The idea of pulling myself together enough to leave the house to look professional, spend 8 hours away from her and then to come home and have to spend half the night up breast feeding, just didn’t sound like a party.

So I admire those that do this! Being a mom is hard. A mom of a newborn especially. Heading off to work must be painful.

But, and I mean a big BUT, I can see the rewards. To get paid for what you do is a good thing.  Intellectual stimulation from peers and colleagues- good. Going out to lunch- good. Looking like a human with clothes and makeup- good.

I found this excerpt of the article to sum it up: “After interviewing hundreds of mothers repeatedly over the course of a decade, the researchers found that those who worked 32 hours per week or less were more sensitive to their kids’ needs, less likely to have symptoms of depression, and more likely to split household duties with their spouses than mothers who were not employed.” AYFKM?
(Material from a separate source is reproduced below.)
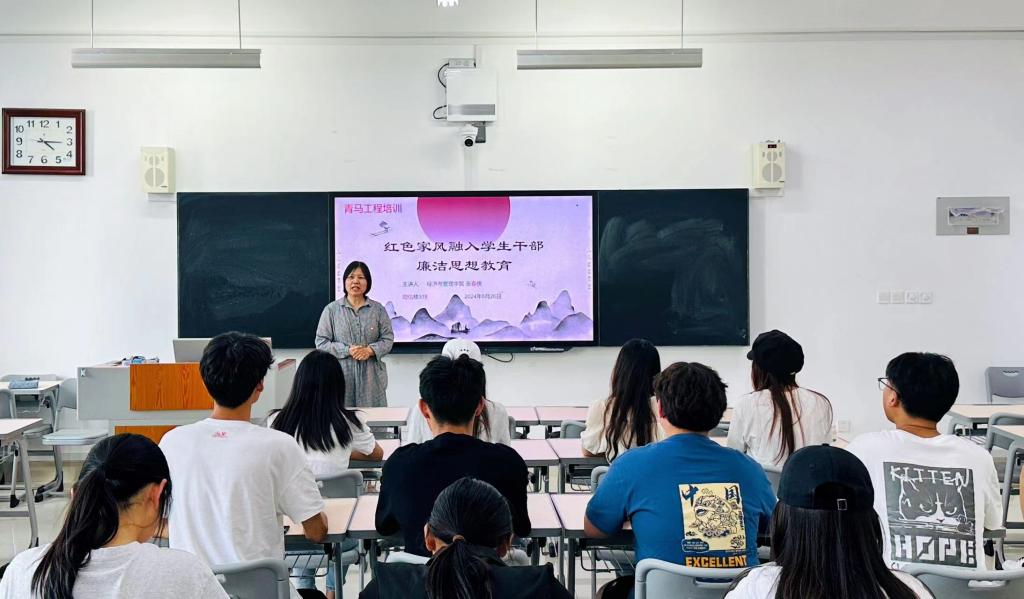 为广大学生干部自觉传承“红色家风”,进一步推动学生干部学纪、知纪、明纪、守纪,绷紧廉洁自律之弦,6月26日,AC米兰官方网站于增信楼314室举办学生骨干“青马工程红色家风”廉洁思想培训。辅导员张春侠主讲。

And therein lies my problem. I’m depressed and don’t share household duties. Okay, I’m not really depressed. I take my meds and do fine. But I know a lot that are, and I’ve been down some dark times myself. And I always feel like I’m doing all the household duties myself. Not very well, but still.

Then the kicker later in the article:

“Additionally, mothers with higher levels of depressive symptoms may have more difficulty seeking employment or keeping a job.” AYFKM?

Fantastic. Now I’m just screwed if I did choose to go back to work. Who wants a whiny, not employed in a decade housewife to come work for them? Apparently, no one.

Here’s what it boils down to:

I chose not to work. I never regret staying at home with my children. In fact now it’s the greatest. They go off to school, I pretend to get stuff done around the house, they come home from school and I’m in a good mood since absence makes the heart grow fonder.

I’m not getting paid, I don’t need to prove anything to anybody. My children are fine individuals. I’m raising them real good.

I don’t need an article to tell me I’m depressed and overly sensitive- my husband tells me this all the time.

Pretend I never wrote this blog. I could have started with the last three sentences and have been done. But alas, I just wanted other depressed, pill popping, gin and tonic drinking moms to feel empathy with me.

(borrowed from Bluntcard) Look how happy she looks!